Entries shown:

BEGIN

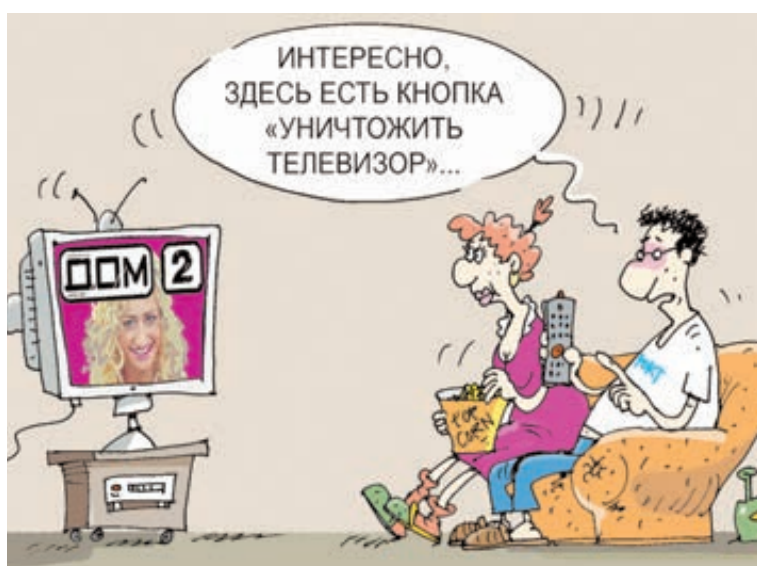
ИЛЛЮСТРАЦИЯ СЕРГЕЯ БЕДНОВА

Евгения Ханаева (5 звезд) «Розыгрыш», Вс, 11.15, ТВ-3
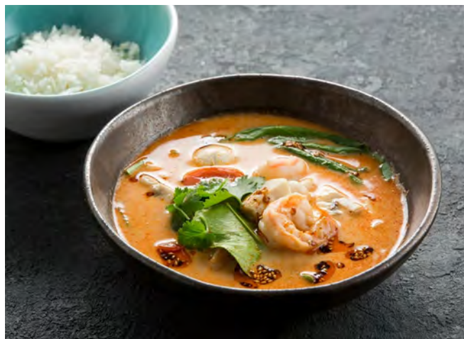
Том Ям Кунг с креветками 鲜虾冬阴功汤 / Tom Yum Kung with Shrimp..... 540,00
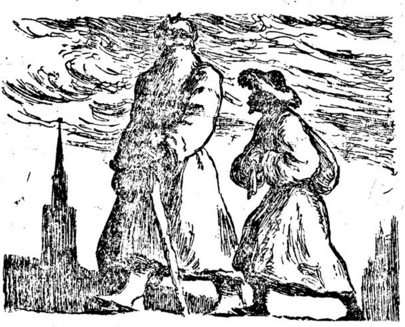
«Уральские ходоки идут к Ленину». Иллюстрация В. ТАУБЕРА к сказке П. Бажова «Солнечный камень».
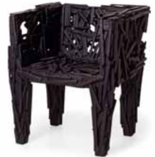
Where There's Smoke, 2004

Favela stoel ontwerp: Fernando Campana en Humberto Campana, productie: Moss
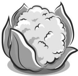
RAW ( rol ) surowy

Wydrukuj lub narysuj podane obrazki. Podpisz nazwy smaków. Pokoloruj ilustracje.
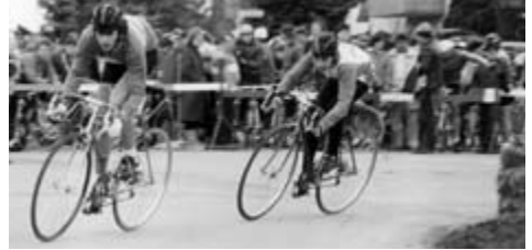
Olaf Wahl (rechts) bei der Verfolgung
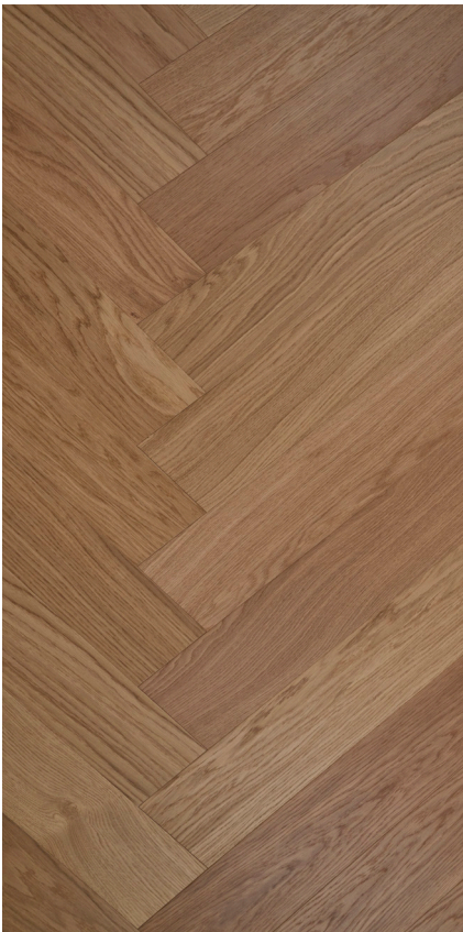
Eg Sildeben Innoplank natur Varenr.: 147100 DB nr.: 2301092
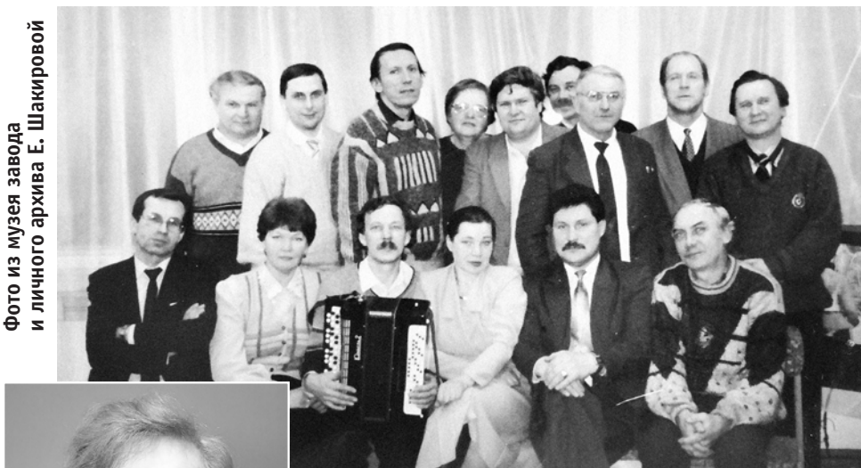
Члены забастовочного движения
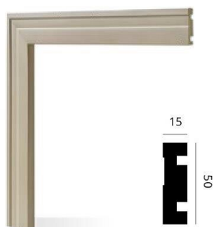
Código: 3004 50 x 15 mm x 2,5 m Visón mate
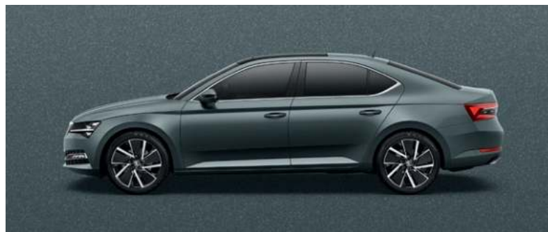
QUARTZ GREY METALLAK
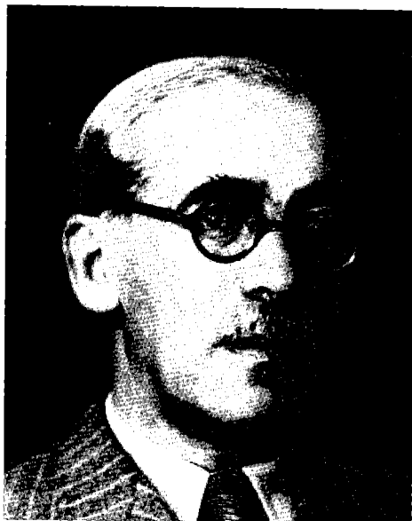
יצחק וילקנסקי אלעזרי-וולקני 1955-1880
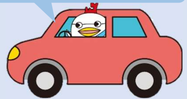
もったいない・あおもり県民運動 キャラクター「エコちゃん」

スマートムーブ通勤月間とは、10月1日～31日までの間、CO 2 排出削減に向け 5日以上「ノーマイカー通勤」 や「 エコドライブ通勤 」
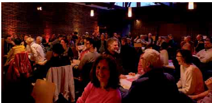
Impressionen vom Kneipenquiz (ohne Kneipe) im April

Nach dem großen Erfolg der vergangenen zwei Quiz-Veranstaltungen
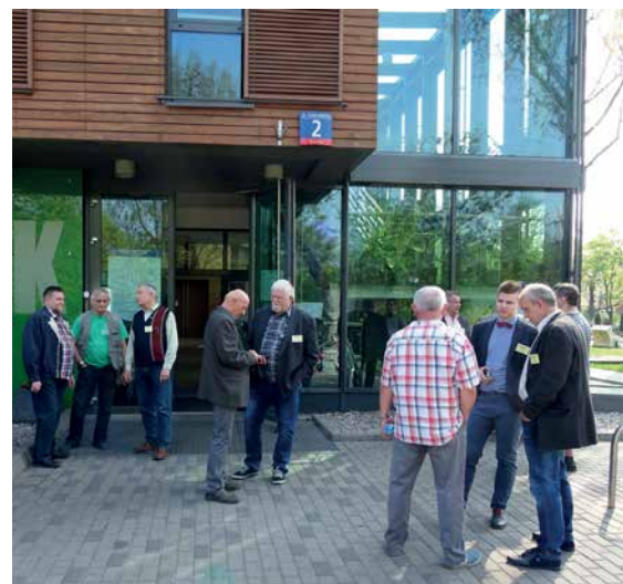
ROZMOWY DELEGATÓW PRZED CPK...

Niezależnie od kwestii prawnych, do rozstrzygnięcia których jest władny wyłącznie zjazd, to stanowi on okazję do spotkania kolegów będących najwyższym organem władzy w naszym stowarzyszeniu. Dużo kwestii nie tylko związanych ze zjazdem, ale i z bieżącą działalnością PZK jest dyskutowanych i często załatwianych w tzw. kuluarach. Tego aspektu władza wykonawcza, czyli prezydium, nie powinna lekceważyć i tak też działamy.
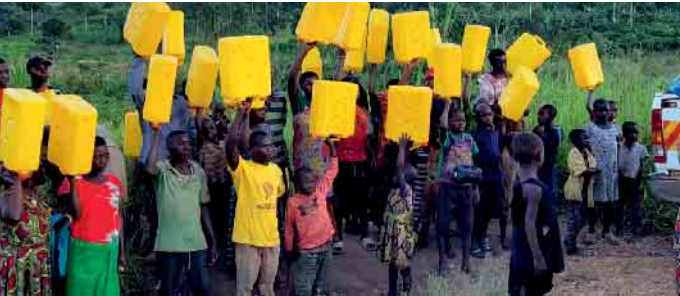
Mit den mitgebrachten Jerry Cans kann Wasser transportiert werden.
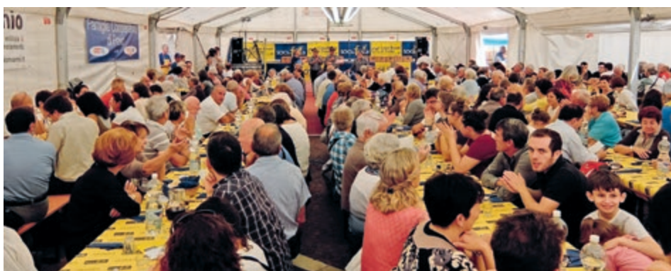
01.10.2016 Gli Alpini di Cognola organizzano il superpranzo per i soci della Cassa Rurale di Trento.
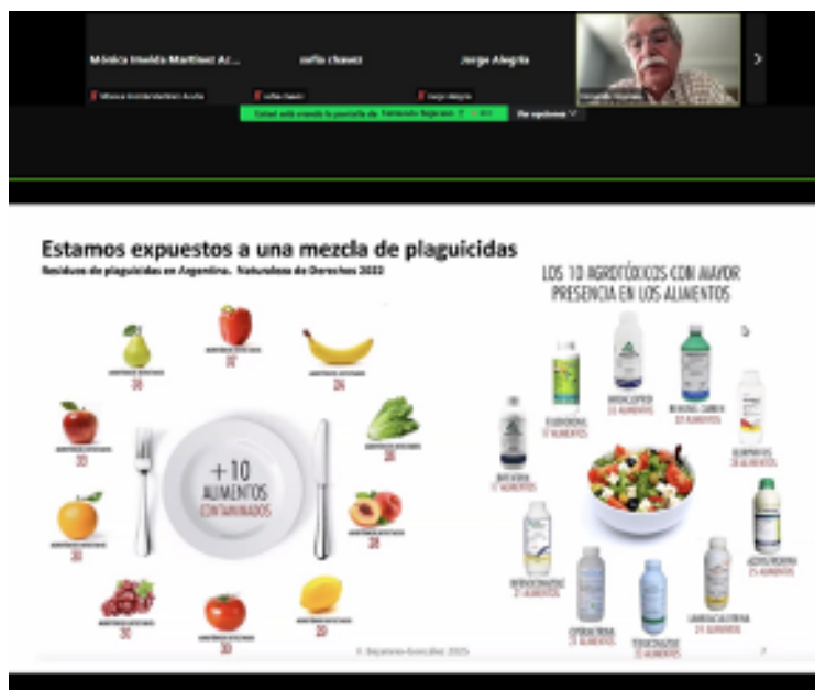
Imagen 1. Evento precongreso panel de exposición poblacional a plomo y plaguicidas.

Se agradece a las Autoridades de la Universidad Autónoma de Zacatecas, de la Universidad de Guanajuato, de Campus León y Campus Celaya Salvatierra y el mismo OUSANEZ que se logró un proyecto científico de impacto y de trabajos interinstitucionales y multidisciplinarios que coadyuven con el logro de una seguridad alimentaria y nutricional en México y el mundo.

END

Write out the data above in full and exactly, but without the pictures.

Response to this exercise:
ИЛЛЮСТРАЦИЯ СЕРГЕЯ БЕДНОВА

Евгения Ханаева (5 звезд) «Розыгрыш», Вс, 11.15, ТВ-3
Том Ям Кунг с креветками 鲜虾冬阴功汤 / Tom Yum Kung with Shrimp..... 540,00
«Уральские ходоки идут к Ленину». Иллюстрация В. ТАУБЕРА к сказке П. Бажова «Солнечный камень».
Where There's Smoke, 2004

Favela stoel ontwerp: Fernando Campana en Humberto Campana, productie: Moss
RAW ( rol ) surowy

Wydrukuj lub narysuj podane obrazki. Podpisz nazwy smaków. Pokoloruj ilustracje.
Olaf Wahl (rechts) bei der Verfolgung
Eg Sildeben Innoplank natur Varenr.: 147100 DB nr.: 2301092
Члены забастовочного движения
Código: 3004 50 x 15 mm x 2,5 m Visón mate
QUARTZ GREY METALLAK
יצחק וילקנסקי אלעזרי-וולקני 1955-1880
もったいない・あおもり県民運動 キャラクター「エコちゃん」

スマートムーブ通勤月間とは、10月1日～31日までの間、CO 2 排出削減に向け 5日以上「ノーマイカー通勤」 や「 エコドライブ通勤 」
Impressionen vom Kneipenquiz (ohne Kneipe) im April

Nach dem großen Erfolg der vergangenen zwei Quiz-Veranstaltungen
ROZMOWY DELEGATÓW PRZED CPK...

Niezależnie od kwestii prawnych, do rozstrzygnięcia których jest władny wyłącznie zjazd, to stanowi on okazję do spotkania kolegów będących najwyższym organem władzy w naszym stowarzyszeniu. Dużo kwestii nie tylko związanych ze zjazdem, ale i z bieżącą działalnością PZK jest dyskutowanych i często załatwianych w tzw. kuluarach. Tego aspektu władza wykonawcza, czyli prezydium, nie powinna lekceważyć i tak też działamy.
Mit den mitgebrachten Jerry Cans kann Wasser transportiert werden.
01.10.2016 Gli Alpini di Cognola organizzano il superpranzo per i soci della Cassa Rurale di Trento.
Imagen 1. Evento precongreso panel de exposición poblacional a plomo y plaguicidas.

Se agradece a las Autoridades de la Universidad Autónoma de Zacatecas, de la Universidad de Guanajuato, de Campus León y Campus Celaya Salvatierra y el mismo OUSANEZ que se logró un proyecto científico de impacto y de trabajos interinstitucionales y multidisciplinarios que coadyuven con el logro de una seguridad alimentaria y nutricional en México y el mundo.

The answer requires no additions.